As television, streaming or otherwise, has increasingly become where we turn for quirky or unusual viewing (and even blockbusters – I finally wrapped up Game of Thrones with the final season now out on blu-ray, and that really dark episode really did look a lot better), movies have become more predictable. And the run up to Christmas is often my least favourite time of the movie-going year, because it’s usually the most predictable.

There’s a bunch of mildly inoffensive Oscar bait films, a quirky prestige drama (or comedy), a blockbuster – once James Bond or Harry Potter or Lord of the Rings, now Star Wars – and some of those kids films that angle themselves as something grownups can sit through as well.

The names change, the stories stay the same.
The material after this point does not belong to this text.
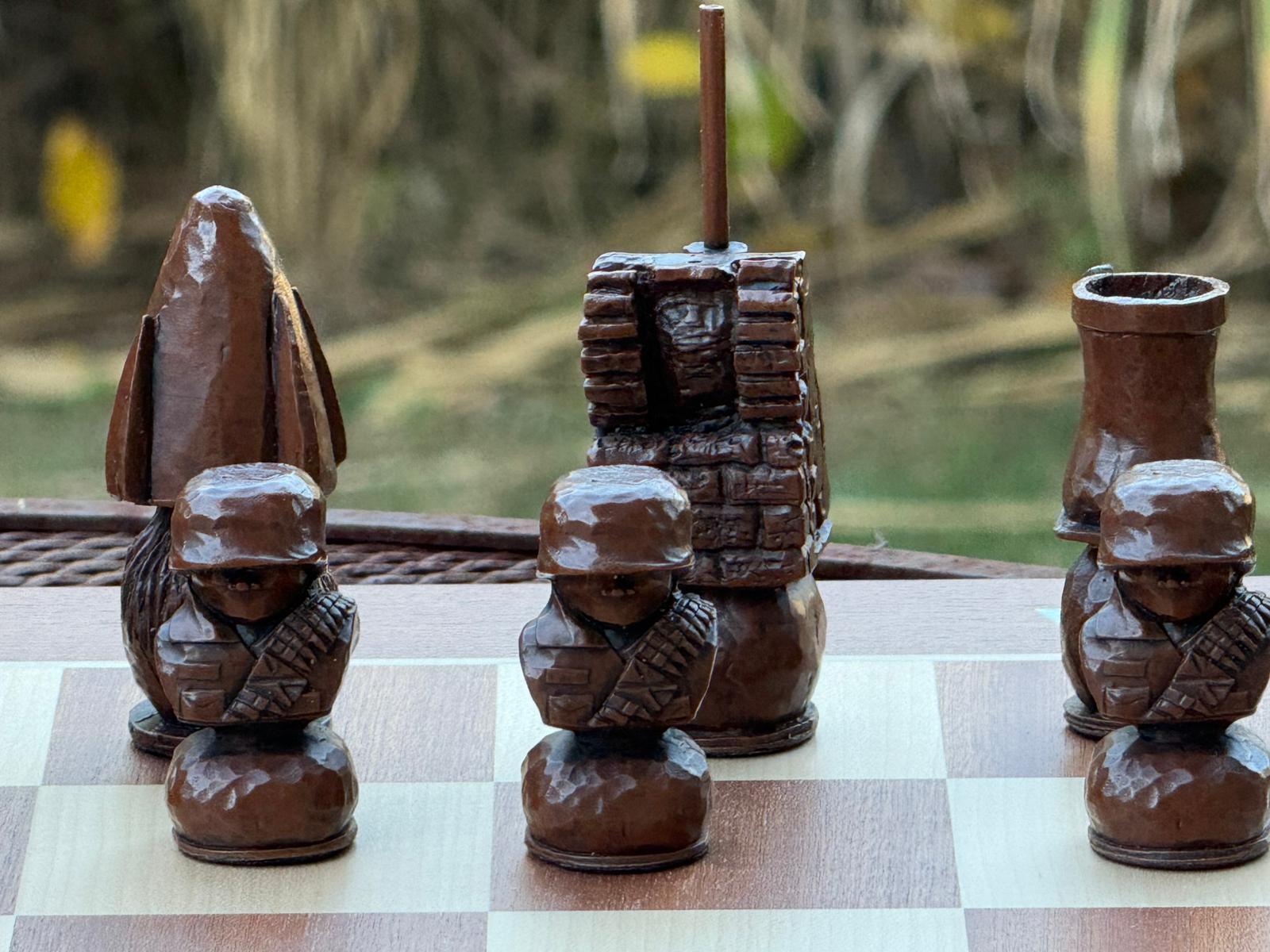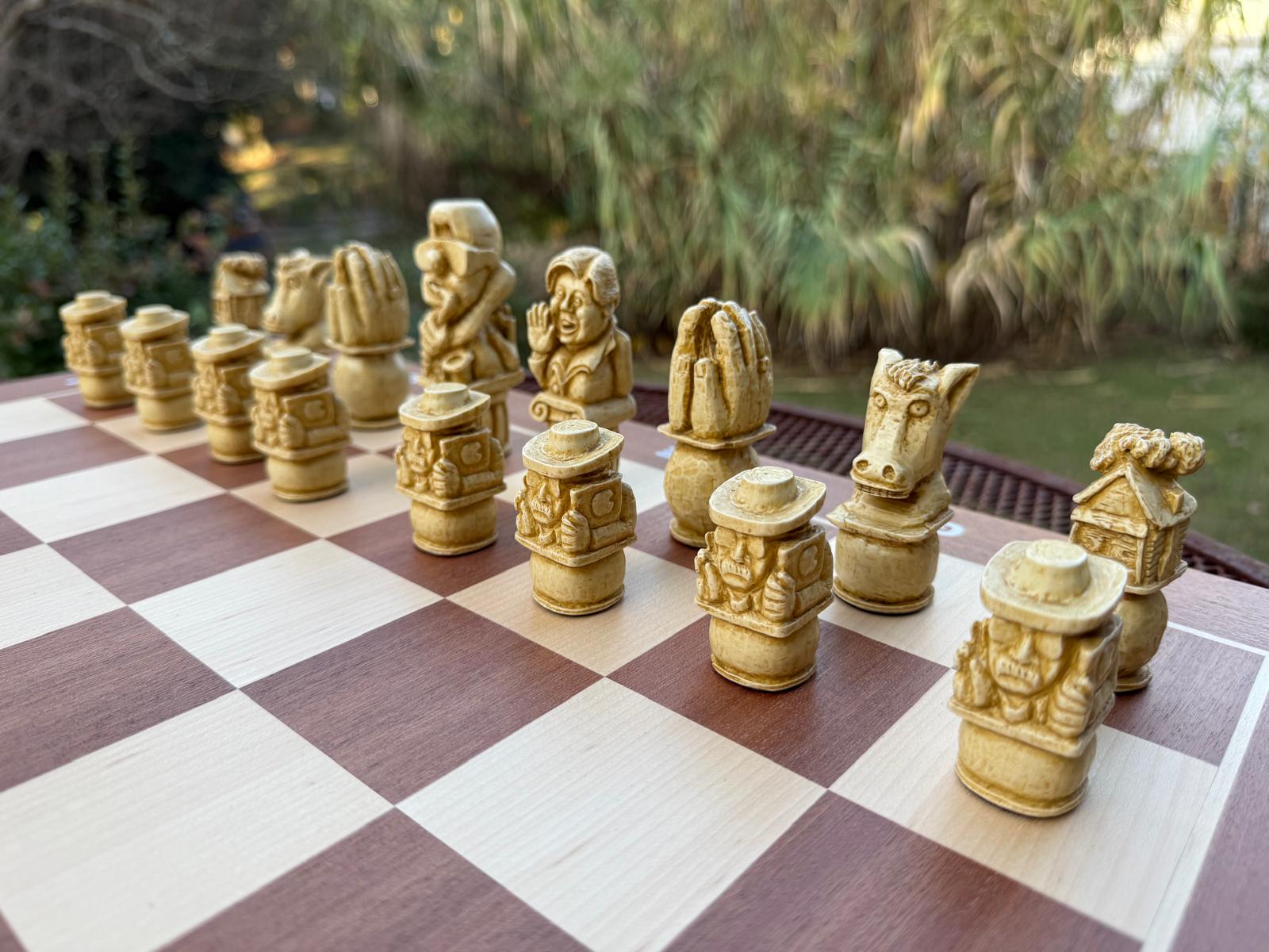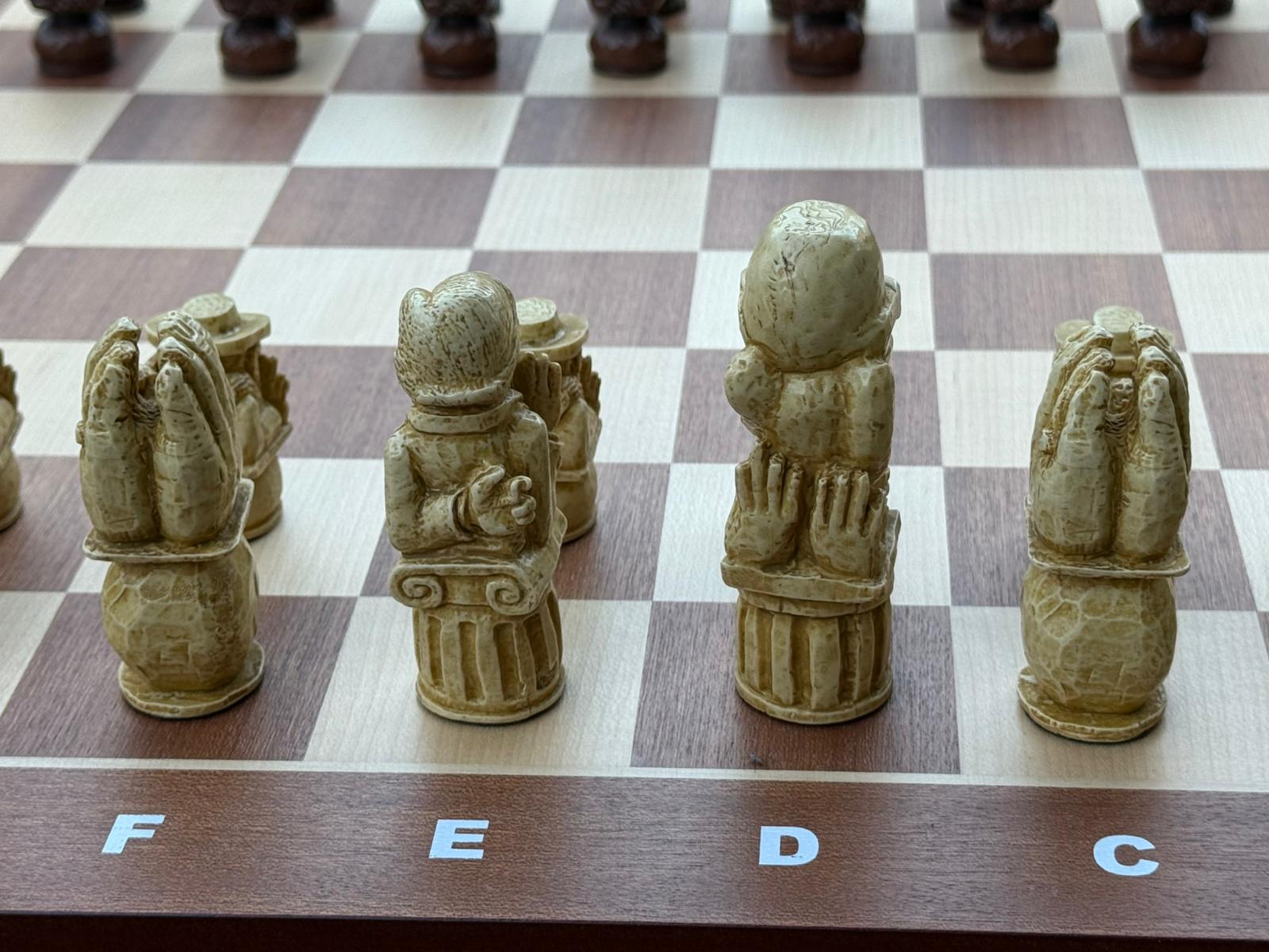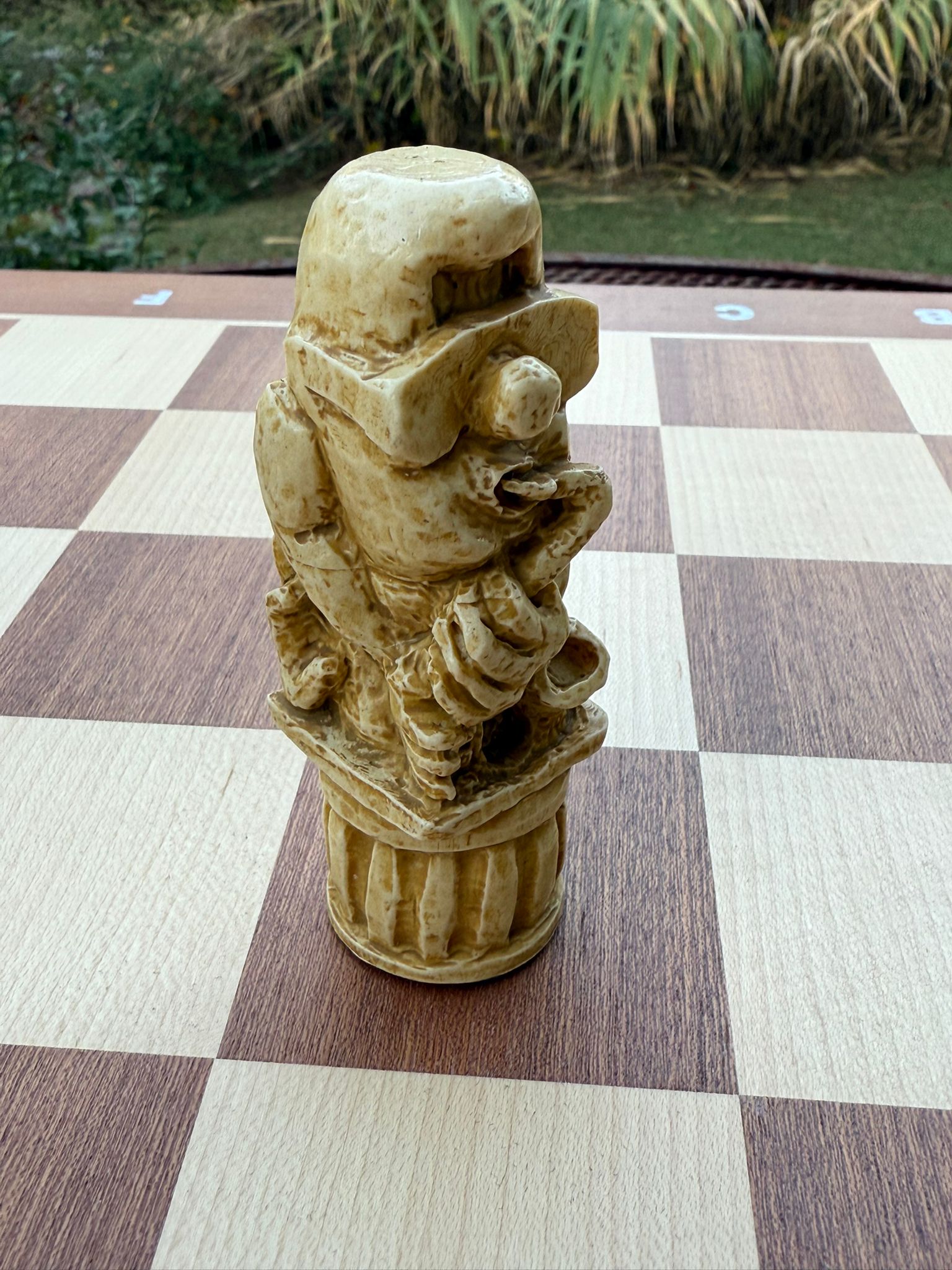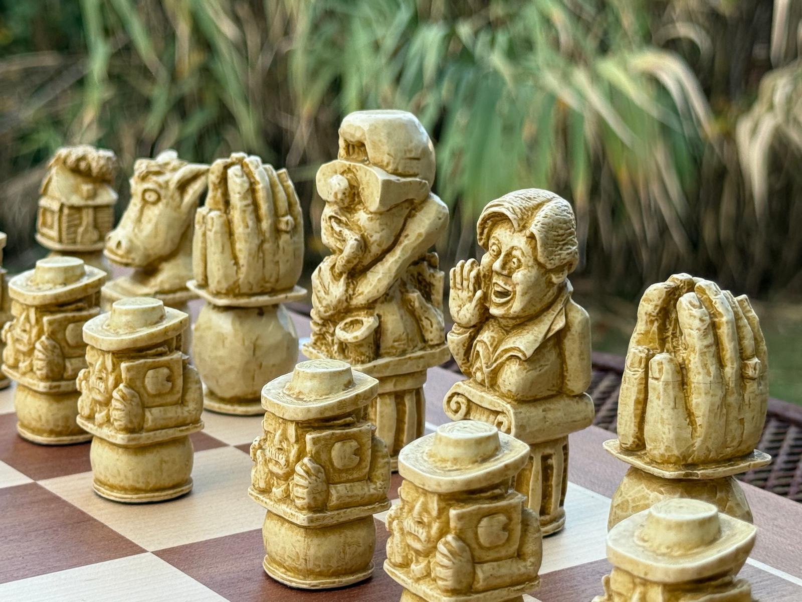 A set of stone and resin chess pieces depicting key US political characters, namely Mr Trump, Mr Clinton and Mrs Clinton, along with key supporting objects as described below. The set also has Bernie Sanders as an extra/alternative white King – it’s supplied by default.

There are obviously good reasons for showing these films at these times, mostly to do with marketing or attracting the widest possible audience and so December is predictable because December is when the big money is to be made. But predictable is boring, even when the films are good, and I think you know where I’m heading with this because I’ve seen Cats.

Look, while I totally understand why nobody in their right mind would want to pay money for a decent night’s entertainment and get that served up to them instead and I would in no way recommend it to anyone for any reason, seeing a film that messed up was a vital reminder that there is still some humanity involved in all this. Crazed humanity that was making wild and clearly erroneous assumptions regarding what people can cope with visually and intellectually, but better that than the scriptbots that turn out those kids movies where some sassy pre-teen is teamed up with a disgruntled action hero.

And the really good news is that January is the dumping ground month where cinemas are full of shockers like Cats. Well, not exactly like Cats because nothing is really like Cats aside from some demented horror stories I read in the 80s, but if you’ve seen the trailers for Bad Boys For Life and thought “wow, Martin Lawrence quit acting a decade ago and he’s not starting up again now”, then you’ve still only just scratched the surface of what’s to come.

Kirsten Stewart has a movie called Underwater where she’s trapped underwater! There’s an Australian movie about go carts called Go! And then there’s Dolittle, which has largely flown under the radar but if you’ve read literally anything about it then you know there’s a very good chance Cats is about to lose that crown that reads MOST MESSED UP ANIMALS across the front. When a director is basically fired in part because he refuses to understand how CGI works in a movie full of CGI animals, and in part because he has a – I’m not making this up, the internet is aflame – racist dog, not even Robert Downey Jr talking to random animals for a hundred minutes can save a film. Especially if there’s a chance those animals might also turn out to be racist.